As the work progressed a number of significant improvements were made, although their simultaneous application and declining mink numbers made it difficult to separate their individual or overall effects. These included the improvement of fine trap setting, baiting and checking, optimising trap distribution and the introduction of dogs to aid searches. These methods have helped inform the second phase of mink eradication in the remaining northern islands of the Hebrides. While this project in the Uists and South Harris was based on the use of 32 trap nights per km2 per year (only including occasions when traps were actively set to catch), the second phase has reduced this to around 14 trap nights per km2 per year with comparable savings in manpower and cost (Lambin et al. 2014).

As the project proceeded, the age and sex composition of the Uist population became more female biased and contained a smaller proportion of juveniles. For mink, like most solitary carnivore species, the males tend to be more mobile than females (Sandell 1989) and hence are more vulnerable to capture, which may account for their earlier removal. In addition, unmated female mink tend to remain on heat until mated. The remaining females may be inherently more trappable as they may be searching for mates, as seen in a number of mustelid species (Norbury 2000), and are as a result more mobile, and potentially more inquisitive with regards to artificially placed scents, and this could be exploited for landscape scale management of mink populations. The absence of free-living juveniles in the last 2 years of trapping on the Uists also supports the absence of successful breeding on the Uists in the final stages of the programme. Trapping in South Harris did not lead to eradication as this area bordered the large, uncontrolled population to the north, and the changes in sex and age ratio observed in the Uists as the population was reduced, were not repeated here. This work provided the initial phase of a larger eradication programme across the islands, As a consequence, the effort devoted to providing confidence in the total removal of the animals from the Uists was modest compared to other eradication campaigns, as it was known that work would continue after this phase was completed and the risk of animals dispersing into the cleared area remained. The second phase of this work (Lambin et al. 2014) is currently assessing the confidence in the eradication on mink throughout the Hebrides.

In both areas there was evidence of a shift in the relative trapping success in different habitats as the work proceeded. There was a relative decline in coastal trapping success through time, with a corresponding increase in loch side, and for Harris at least, riverside traps. This suggests a change in the underlying distribution of mink, possibly with them moving away from coastal areas as numbers were reduced. Previous research using stable isotope analysis (Bodey et al. 2010) suggested that animals moved away from terrestrial habitats towards marine environments as animals were removed and populations redistributed themselves. This however could not distinguish between loch and coastal environments, and for the Uists would be further confounded by the fact that many of the loch systems in the Uists are tidal and marine in nature. This could explain why the trapping returns shown here show large increases in relative capture rates at these tidal lochs (Fig. 4).

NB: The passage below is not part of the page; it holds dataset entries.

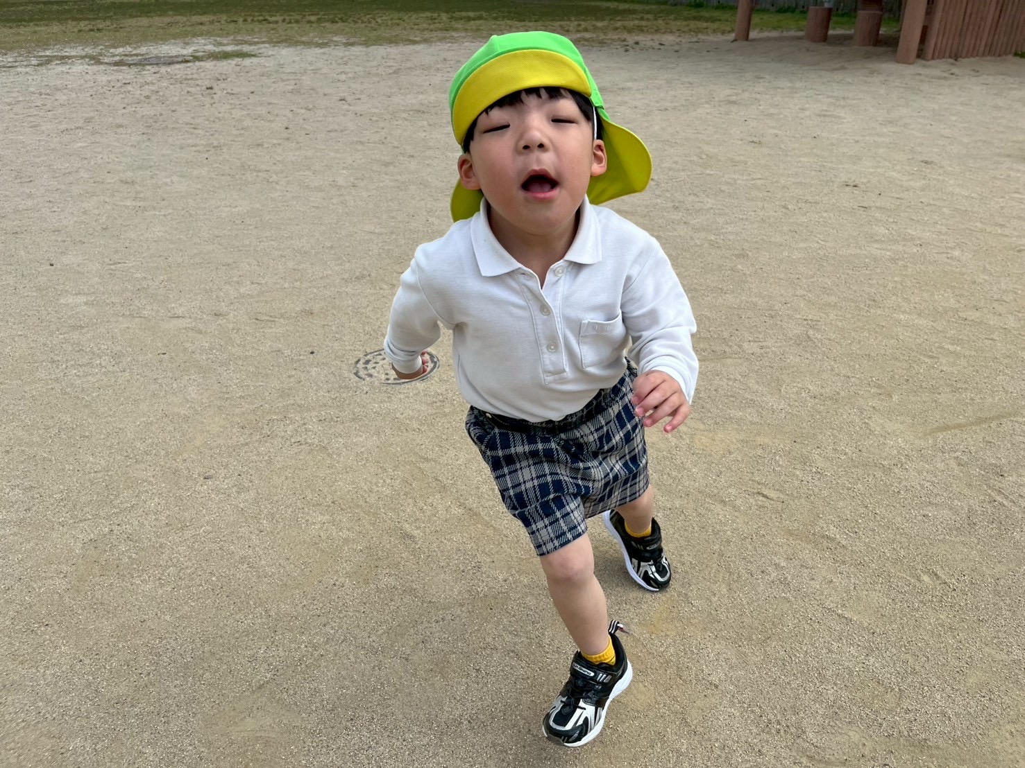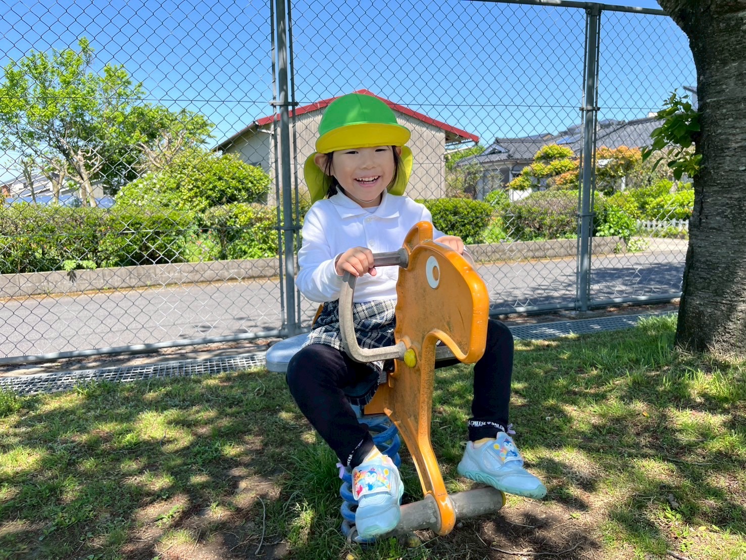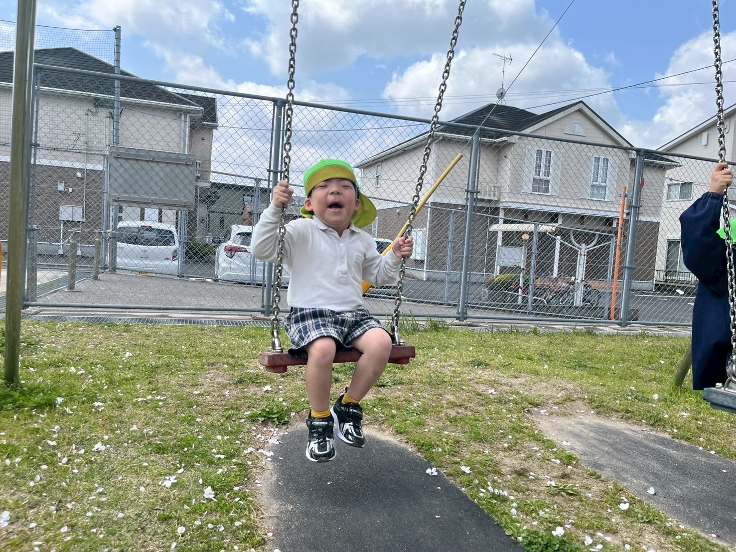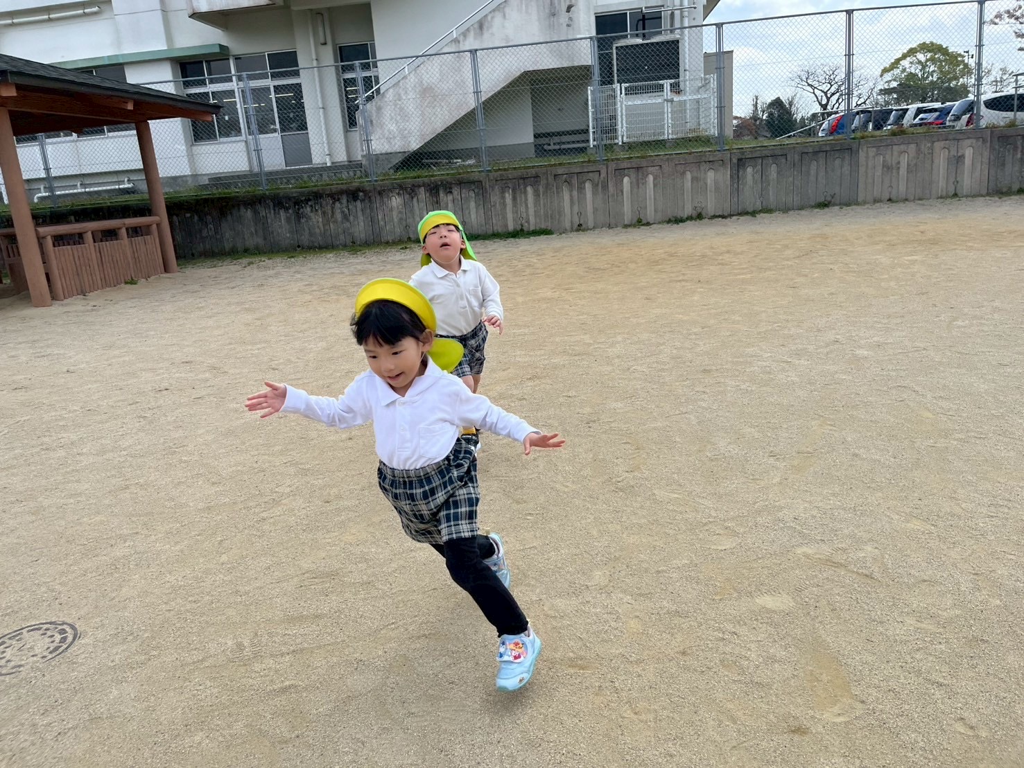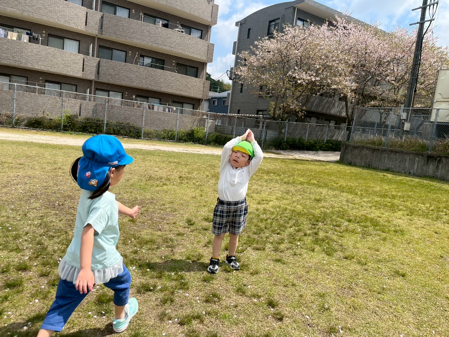 とらグループさんでは、体力向上を目的にさしきばるちびっこ広場に行きました。 公園に 着いてからは、マラソンや氷鬼を行い、体をたくさん動かしています! とらグループさんは、初めての氷鬼でしたが、ルールを理解して取り組むことができていました! その後は、遊具遊びや自由遊びを行っています。 笑顔いっぱいブランコや自然に触れるとらグループさんでした♪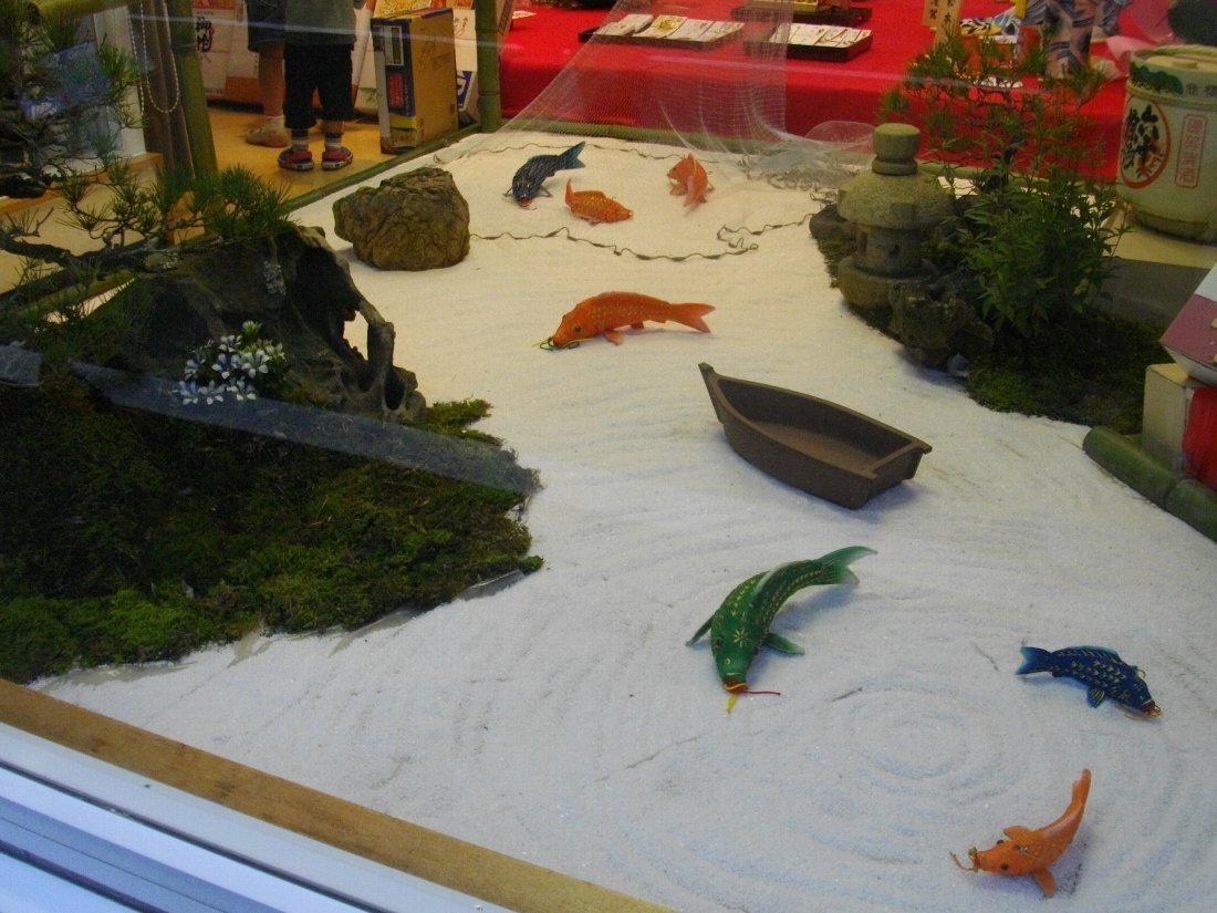 さらにここでも庭を再現していました・・・枯山水に鯉が泳ぎ網が打たれていますから「川船」を現しているんですね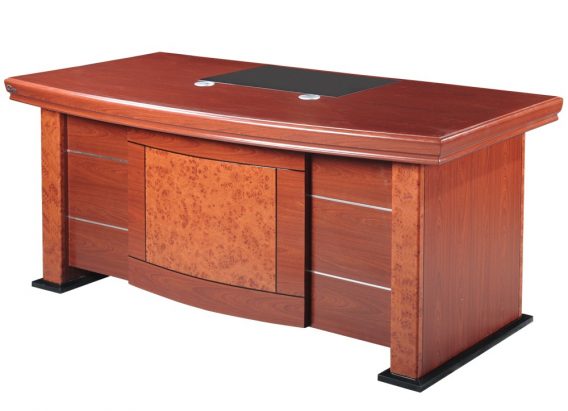 Bàn lãnh đạo sơn PU mặt lượn cong, có tấm PVC trang trí.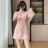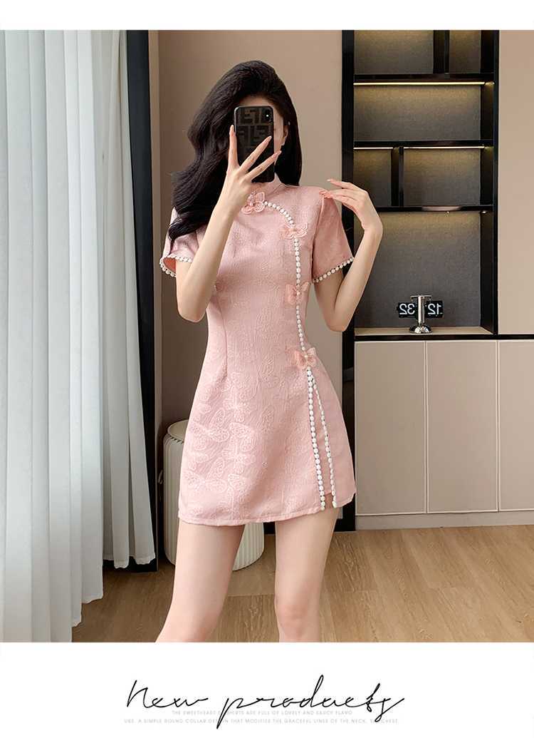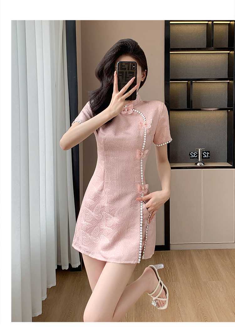 Foto real em estoque 2024 verão novo chinês jacquard borboleta costura melhorado cheongsam vestido shorts conjunto de duas peças
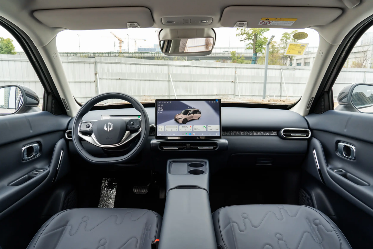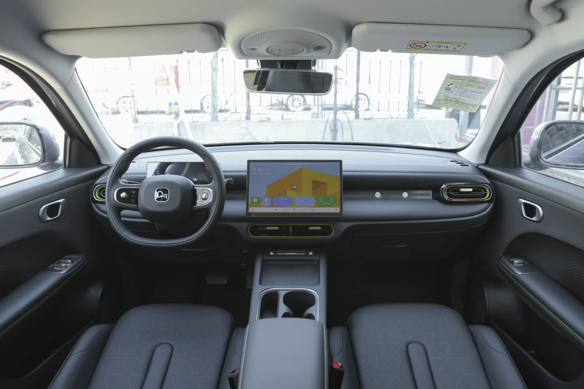 奇瑞QQ3 EV的内饰配置更加小巧精致一点,热爱版中控屏幕大小为12.8英寸,分享版的中控屏大小为15.6英寸,还搭载了高通骁龙8155芯片,支持HUAWEU HiCar、CarPlay、Carlink手机互联映射,车机系统同样接入了AI大模型,在趣味性和语音交互上可能更胜一筹。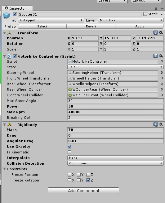 1. Если вы настраивали WheelCollider_ы и обнаружили что после ваш мотоцикл трясет, или же он скачет как лошадь - скиньте параметры WheelCollider_ов к стандартным.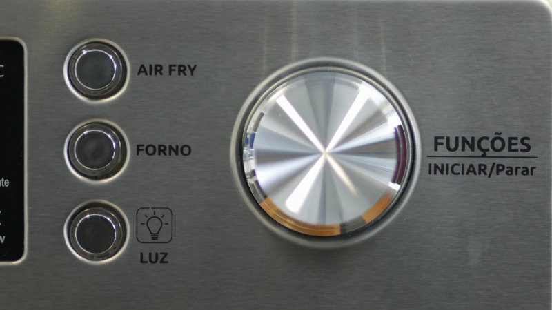 No lado direito é onde se escolhe os programas do Menu, apertando Air Fry ou Forno. O seletor é para se deslocar pelo menu e escolher o programa desejado. Também é utilizando o seletor que se liga, desliga e pausa a unidade. Por sinal, isso é algo confuso. É necessário pausar, ligar novamente para depois conseguir desligar. Além disso, depois de pausar e ligar de novo, se quiser pausar novamente será impossível. O forno irá desligar e perderá a programação. Poderia ter um controle diferente.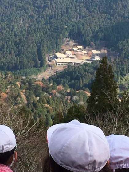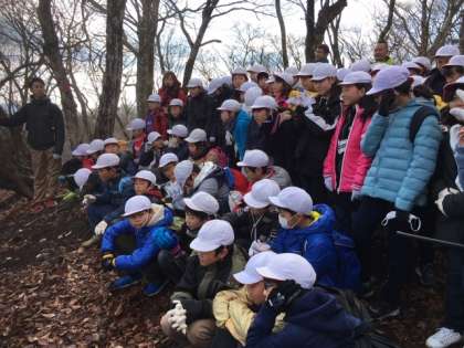 山の家が見えるヤッホーポイントから、全員で「ヤッホー!!」と叫ぶと、山の家で待機の美河先生から「ヤッホー!!」と応答があり、全員で大歓声でした。ライトでピカピカの応答もありました。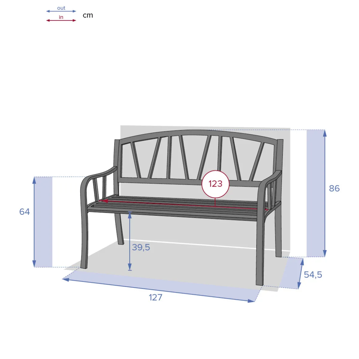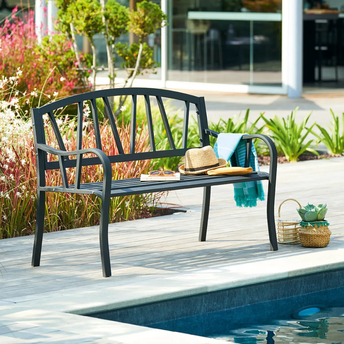 Banco de jardín ALVERNIA negro | 3 Personas | 86×54.5x127cm | Amuebla tu zona exterior con el banco de jardín Alvernia negro, de diseño sobrio y elegante. Ideal para disfrutar del sol. Con sus listones y sus líneas redondeadas, este banco de jardín de 3 plazas puede utilizarse en todo tipo de espacios exteriores. Acero con tratamiento epoxi | Color: Negro | Medidas: 86×54.5x127cm | Material: Acero | Marca: Hespéride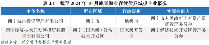 截至2024年10月底,青海省有存续债券的城投企业共2家,分别为西宁城市投资管理有限公司(以下简称“西宁城投”)和西宁经济技术开发区投资控股集团有限公司(以下简称“西宁经开”),均为西宁市企业。从发债企业主体信用级别分布看,西宁城投和西宁经开主体信用级别均为AA+。总体看,青海省发债城投企业少。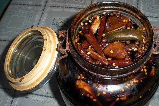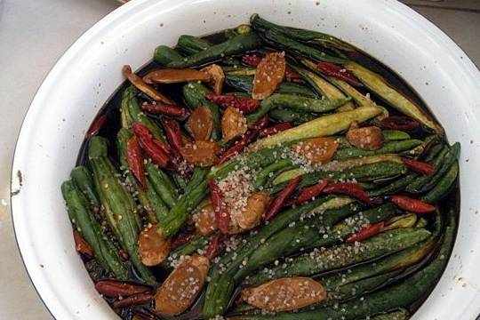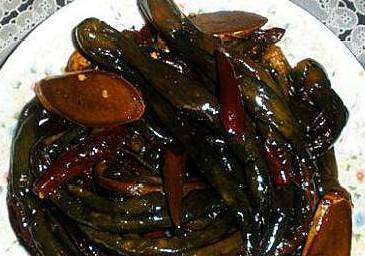 這是一道咸菜,媽媽醃制的黃瓜,特別脆,而且不是那麼的咸,還是微甜,有很濃的醬香味,還放瞭辣椒,實際不是很辣,主要是提味。不是誇口,比現在飯店裡醃制的還好吃,感興趣的朋友可以學著做做。實際不難,就是比較費時間,不過想想美食就是無比的美味瞭,再難又何妨!

Overall this study demonstrated the value of assessing and optimising effort prior to undertaking a large and expensive eradication campaign throughout the archipelago. Understanding spatial and temporal population change in relation to trapping proved effective to monitor the progress of control efforts during an intensive pilot culling campaign. The use of an adaptive management process also ensured that improvements were adopted and built into the operating procedures as the work developed, reducing the effort required for the subsequent eradication campaign.